Friday, November 10, 2017

Site of Sutherland Springs church shooting will be demolished, pastor says

MySA   "After raising a family in the San Antonio area, Farida Brown moved to LaVernia about 20 years ago and found a community at the First Baptist Church, as so many others have.

"It was the type of place where congregants had developed an unofficial seating chart and greeted each other by name each Sunday.

"But that building will soon be gone.

" 'Pastor Frank Pomeroy told leaders of the Southern Baptist Convention it would be too painful to continue using First Baptist Church of Sutherland Springs as a place of worship and he plans to demolish the building.


. . . "The group's spokesman, Sing Oldham, said Pomeroy expressed hope he could turn the site into a memorial for the more than two dozen people who were killed last Sunday and build a new church on property the church owns.
 Brown was attending services on Sunday, as she's done for the past 10 years, when a man marched in with a rifle and shot nearly everyone inside. He killed 26 people and wounded 10 more.

When David Brown got word his 73-year-old mother was shot during church services, he didn't know what the protocol was.
"This is my first disaster of this sort that was so close to home," he told mySA.com.
Doctors were amazed Farida Brown's blood vessels were not struck by one of the bullets and pieces of shrapnel that hit her body. Bullet shrapnel struck her left hip, under her kneecap and above her left knee, traveling up to the top of her femur bone, David Brown said.
"The floors, all the pews and the walls are splattered with blood," David Brown told mySA.com. "The flooring is completely covered with blood."
"I heard it was so bad that it was almost raining out of the church."

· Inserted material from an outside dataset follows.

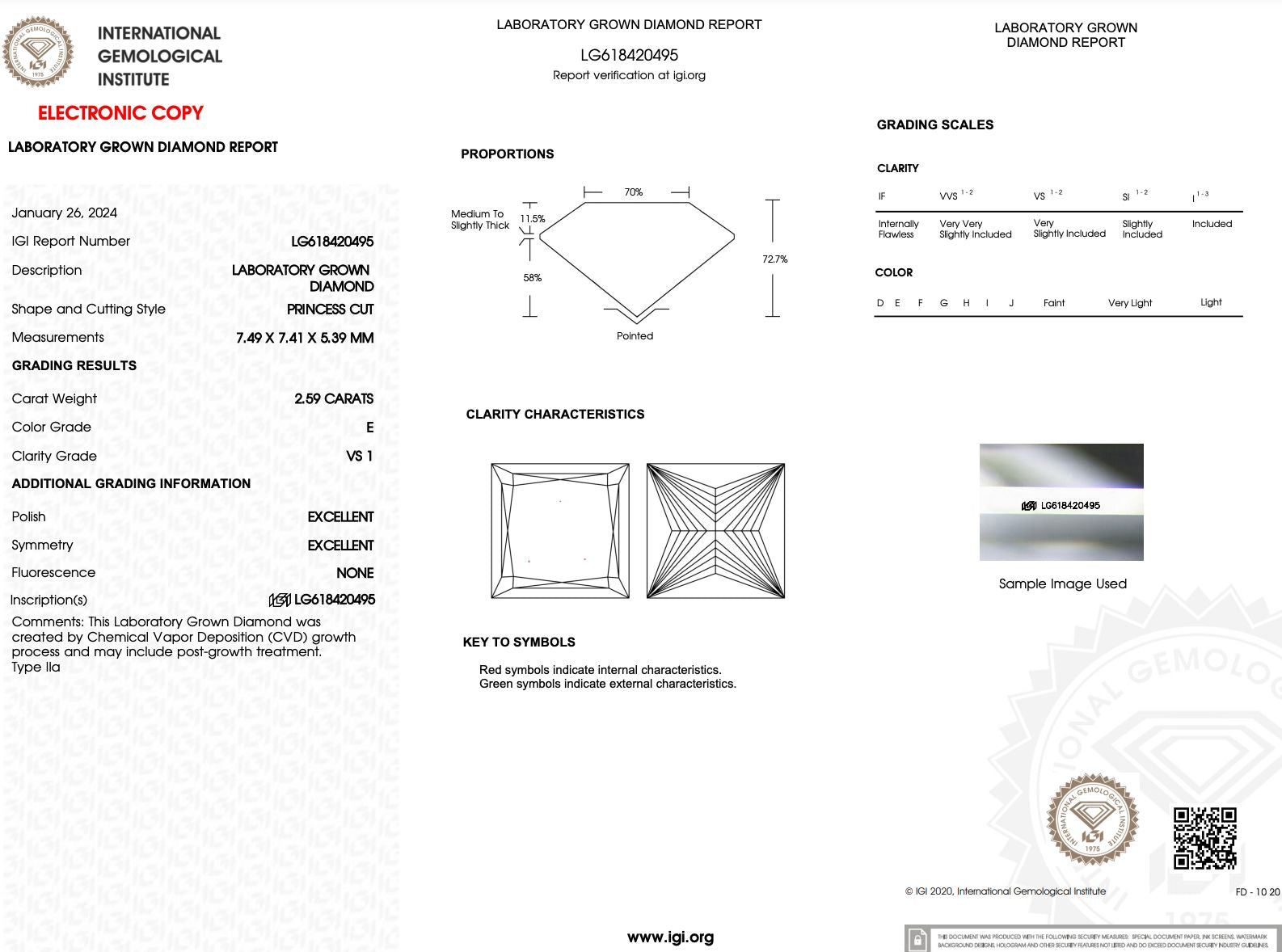 2.59ct E-VS1 Princess Lab Diamond Stephanie

"Rod Green, 71, an elder at the First Baptist Church, said he went to a yard sale Sunday morning instead of attending services. He learned about the tragedy over a series of phone calls.
"Green recalled how, at the beginning of each service, everyone would stand up in the pews and greet each other. It was a chance to reconnect with each other, each week, Green said."
"I shook every hand in that church," he said. "Let them know that it's good to see them."
"The church didn't have a seating chart, but after years together everyone had settled into their particular spot. Green said Dennis Johnson, one of the victims, always sat in the row next to him, across the aisle."He said he won't be able to stomach seeing empty seats without thinking of their former occupants.
" 'I don't think it's going to be possible to get back in that building, Green said. "I know myself and my wife Judy don't want to use that building."